Единичные свидетельства изображают русалку вымазанной дегтем или смолой («зловить да цыцку смаляную дае»). В этой связи интересна терминология названия русалки, зафиксированная в с. Радчицк — «смолянка» («смулянка»): «Смулянка — то тэе самее, шо етая русаўка… Пугали пацанов: „Смоляна вас забере!“» [ПА]; «В жыте смулянка сидить… у ее жалезна ступа и тоўкач. Возьме у залезну ступу да потоўчэ» [там же].

Географически первый тип описаний внешности («страшных») русалок фиксировался преимущественно в зоне Пинского Полесья и Гомельской обл., и затем севернее от нее на территории Белоруссии.

Второй тип внешнего облика русалки дает описание молодых привлекательных девушек с длинными волосами, в веночках, обнаженных или в белом: «Русалки по житу ходять в билому и били косы, красыви дуже» (ПМ-Г, Желобное); «Молодые девушки с длинными волосами, голые, красивые» [ПА, Нобель]; «Русалки як девушки… вышли из воды, у веночках, позаплетаные, ў белом платейку» [ПА, Замошье]; «Очень маленькие, небольшого роста, есть красивые, как царевна» [ПМ-С, Мокраны]; «Молодыи дивчата ў билых платтях, ў винке на головах, ленты ззаде» [ПА, Поворск]; «Маўкы — то русалки, красивы, венок на голове, по жыти бродют» [ПА, Староселье].

Иногда привлекательная внешность описывается исключительно через наряд русалки: «хорошо одетые, у венках девки»; «дивчата в велёнови, в китайках, в билых платтях».

В большинстве описаний даются лаконичные характеристики: длинные волосы, в венках, в белом. Привлекательный тип русалок более последовательно локализуется в западном Полесье с дальнейшим распространением на территорию Украины. К нему примыкает категория русалок, изображаемых в виде полуженщины-полурыбы. Это самый малочисленный разряд описаний внешности в составе наших материалов (из 90 свидетельств — 8 случаев): «Русалка ў ваде живеть, как рыба. Деўка, а хвост, как у рыбы, распущенная коса» [ПА, Радутино]; «Котра людина втопиться на Русальный тыждень, стае русалкою. Русалка половина як людына, а половина як рыба. Выходыть з воды, иде в жыто» [ПМ-Г, Ремчица].

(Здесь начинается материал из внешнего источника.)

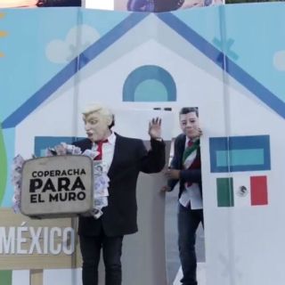 En tan sólo 42 segundos, jóvenes disfrazados ubicados en la avenida Sevilla de la Ciudad de México, representan la visita del candidato presidencial demócrata, Donald Trump a México.

Наконец, следует отметить варианты описаний нейтрального характера, в которых фиксируется внимание на длинных волосах, венках, белой одежде: «Косы роспустяны, молодая, нестарая, одета нибы в нижней одежы» [ПА, Верхн. Теребежов]; «Одеты воны были у белой сукенцы, з доўгими волосами, якие закрывали вочы» [там же]; «Прямо девушка, волосы распущены, гола, косы длинны» [ПА, Курчица].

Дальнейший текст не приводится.